And you remember the layout of .NET objects in memory, don’t you? Of course you do! The 4 bytes prior to the address displayed (01453b74) are the “object header”. The exact content of the header is apparently undocumented. Let’s see what it contains (at least on a 32-bit platform, your mileage may vary):

0:005> dd 01453b74-4 L1
01453b70  08000002

According to various sources the object header contains 2 fields; a handle and a sync block index. If the object is an RCW, the handle is always 0×08000. You can use the index with SOS’s !syncblk command to de-reference it:

0:005> !syncblk 2
Index SyncBlock MonitorHeld Recursion Owning Thread Info  SyncBlock Owner
    2 001e0fec            0         0 00000000     none    01453b74 System.__ComObject
-----------------------------
Total           3
CCW             0
RCW             1
ComClassFactory 0
Free            0

The sync block itself is an undocumented structure, but after a bit of investigation, it turns out that at offset 0×1c there is a pointer to a further structure that contains the “interop information”:

0:005> dd 001e0fec+1c L1
001e1008  001e9510

And from this, we can obtain a pointer to the RCW itself. We’re almost there!

0:005> dd 001e9510+c L1
001e951c  001e5380

The RCW is a pretty large structure, but for our purposes there are only a couple of interesting fields: the IUnknown pointer at 0×64, and the object’s virtual function table pointer at 0×88. If you use dds you can easily see any symbols associated with these pointers:

0:005> dds 01e5380+64 L1
001e53e4  00ef6c24

0:005> dds 01e5380+88 L1
001e5408  00eb9710 rcwrepro!ATL::CComObject::`vftable'

This is the salient information; we now know exactly what type of COM object we’re dealing with. This is obviously a bit fragile, given that it relies on structures from mscorwks that may well change in newer versions of the runtime (I’ll check on .NET 4 when I get a chance). It’s also a bit of a pain to go through all these steps manually in WinDbg, so I put together a simple extension DLL to do it automatically given the address of the __ComObject. I’ll upload that and blog about it soon.

In order to obtain the type information about the COM objects, the tool uses type libraries, and the associated ITypeLib and ITypeInfo interfaces, which, with a little effort, can be used to iterate over all the coclasses, interfaces and functions in the library. But the difficulty lies in obtaining a type library when all you’re given is an already-instantiated object. In theory, COM allows you to know no more about an object than what interfaces it supports. But in practice, there are a variety of ways you can circumvent this and get to the type information.

For unmanaged COM objects you can use the information in the registry (or SxS configuration) and obtain the server (DLL) that contain a TLB embedded as a resource, or the type library filename itself. I won’t go into that now, there’s plenty of information about the location of these common registry keys elsewhere on the internet.

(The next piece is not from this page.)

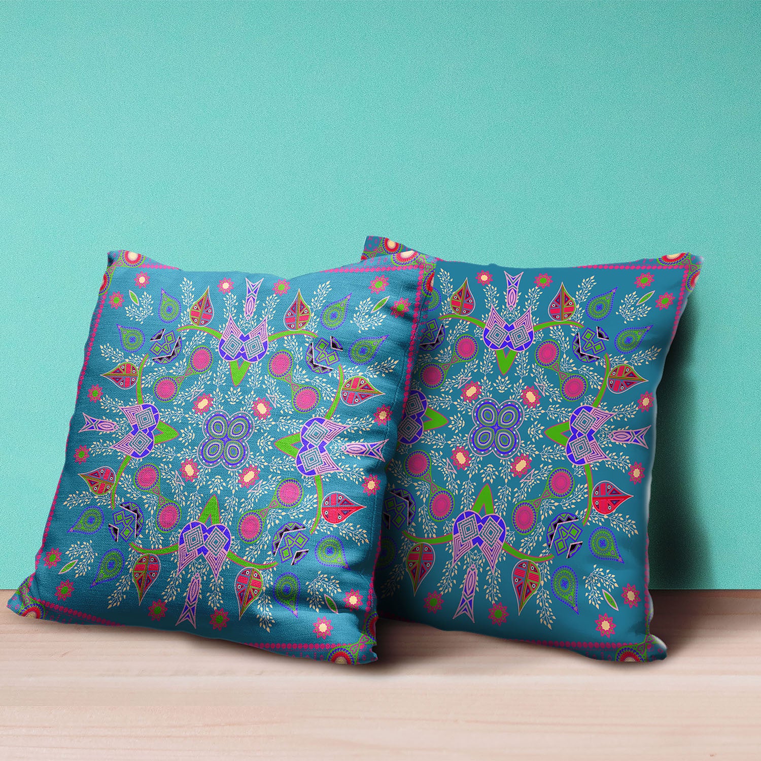 Bring a bit of fashion and zip to your space with this eye-catching and comfy 16" x 16" blue and green blown seam floral indoor outdoor throw pillow. Durable blue and green broadcloth has been used to give this pillow a beautiful look that will stand the test of time. A great decorative accessory to decorate indoors or out. Decorative pillows are a great way to change up the look and feel of your space easily and quickly. 5" H x 16" W x 16" D

But for managed COM objects – well, COM callable wrappers (CCWs) – you have a different problem: registry scraping will never work and there may not even be an associated type library. The InprocServer32 registry entry always points to mscoree.dll, which obviously doesn’t have an embedded type library, and unless you’ve registered the assembly with /tlb (which is a pain) then you won’t have entries under HKEY_CLASSES_ROOT\Typelib and a TLB file to load.

So, if you’re in the unmanaged world, and all you’ve got is a pointer to a live CCW, what can you do?

Well, the easiest thing is to use IProvideClassInfo. This is supported by all CCWs, and provides a way to get an auto-generated (by the CLR) ITypeInfo implementation for the managed class. In fact, this is what I actually used to implement the solution eventually, but along the way I discovered some other interesting aspects of the CCW.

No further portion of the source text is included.